This page describes the full lifecycle of a correlation key and how it interacts with each operator that can fan out, fan in, group, or join records.

Declaration

Correlation keys are declared per source. Each source’s config: block carries an optional correlation_key: field naming the column (or list of columns) whose value identifies a record’s correlation group within that source. The engine widens each declaring source’s schema with one $ck.<field> shadow column per field and stamps the user-declared value into it at ingest.

nodes:
  - type: source
    name: orders
    config:
      name: orders
      type: csv
      path: ./data/orders.csv
      correlation_key: order_id
      schema:
        - { name: order_id, type: string }
        - { name: amount, type: int }

  - type: source
    name: customers
    config:
      name: customers
      type: csv
      path: ./data/customers.csv
      correlation_key: [customer_id, region]
      schema:
        - { name: customer_id, type: string }
        - { name: region, type: string }
        - { name: name, type: string }

  - type: source
    name: sensor_readings
    config:
      name: sensor_readings
      type: csv
      path: ./data/sensors.csv
      # No correlation_key field declared. This source carries no
      # $ck.* widening; record-level errors land in the DLQ as
      # standalone entries with no group atomicity.
      schema:
        - { name: ts, type: date_time }
        - { name: value, type: float }

A record’s correlation group is identified by the tuple of values for that source’s listed fields. Records sharing the same tuple within the same source belong to the same group. There is no pipeline-level correlation key — the previous error_handling.correlation_key: field has been removed; pipelines that previously declared it move the field down to each contributing source.
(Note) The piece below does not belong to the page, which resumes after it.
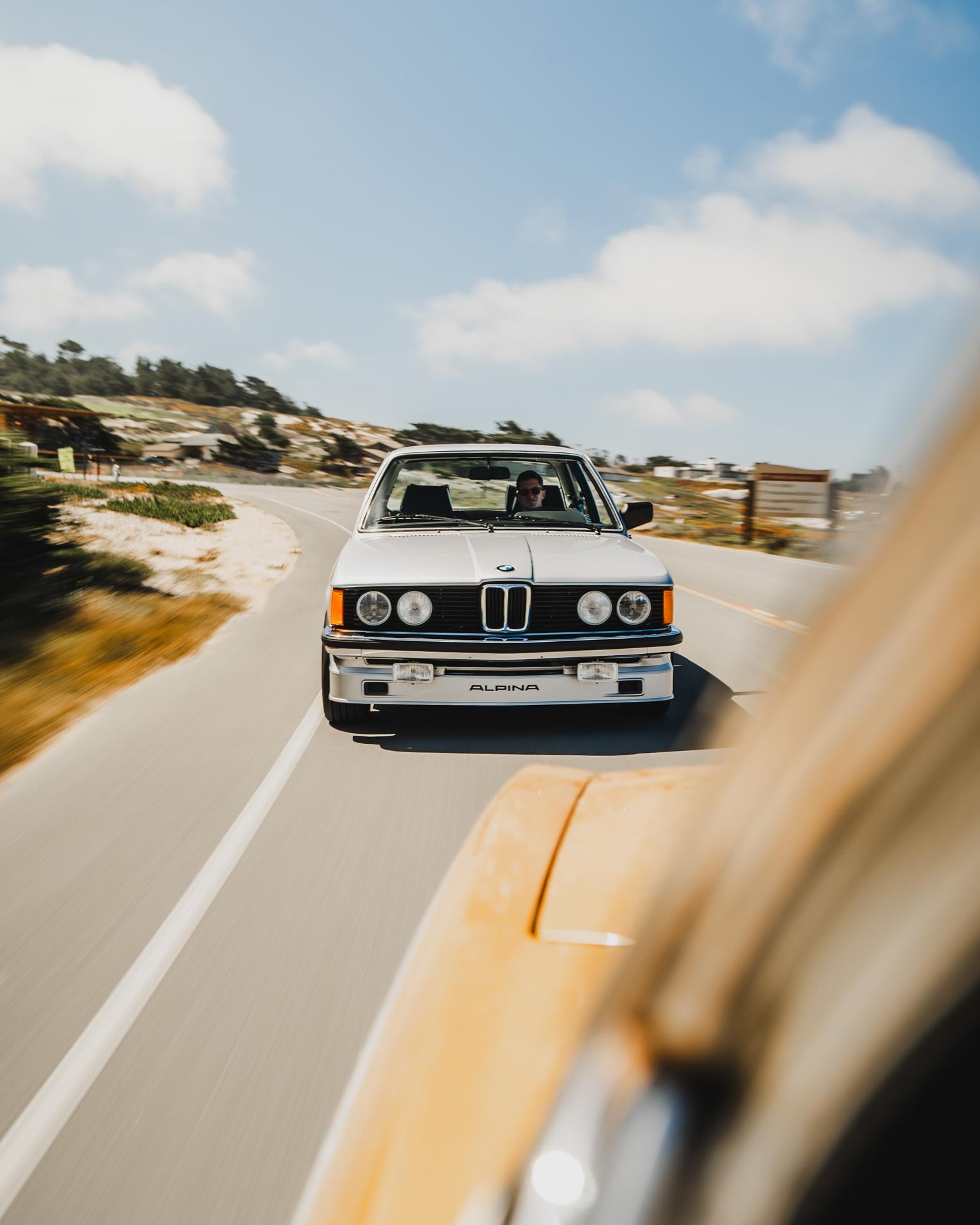 Staggered-width 15″ Alpina wheels are wrapped with 195/50 front and 205/50 Yokohama Advan Fleva tires that were mounted in August 2023. A steel spare wheel with a Michelin tire is stowed in the trunk along with a tool kit and a warning triangle. The car is equipped with power steering, and the Alpina FD3 suspension kit consists of four-way adjustable Bilstein B8 Sprint shocks, Eibach lowering springs, a rear sway bar, and rear subframe bushings. Stopping power is provided by discs at all four corners.

A source whose declared correlation_key: field names a column not present in its own schema: block is rejected at compile time with diagnostic E153.

Lifecycle

The engine adds a shadow column named $ck.<field> (one per correlation-key field) to every declaring source’s schema and copies the field’s value into it at ingest. From that point on, the shadow column is the authoritative group identity – if a downstream transform rewrites the user-declared correlation field, the shadow column is untouched and the group identity is preserved.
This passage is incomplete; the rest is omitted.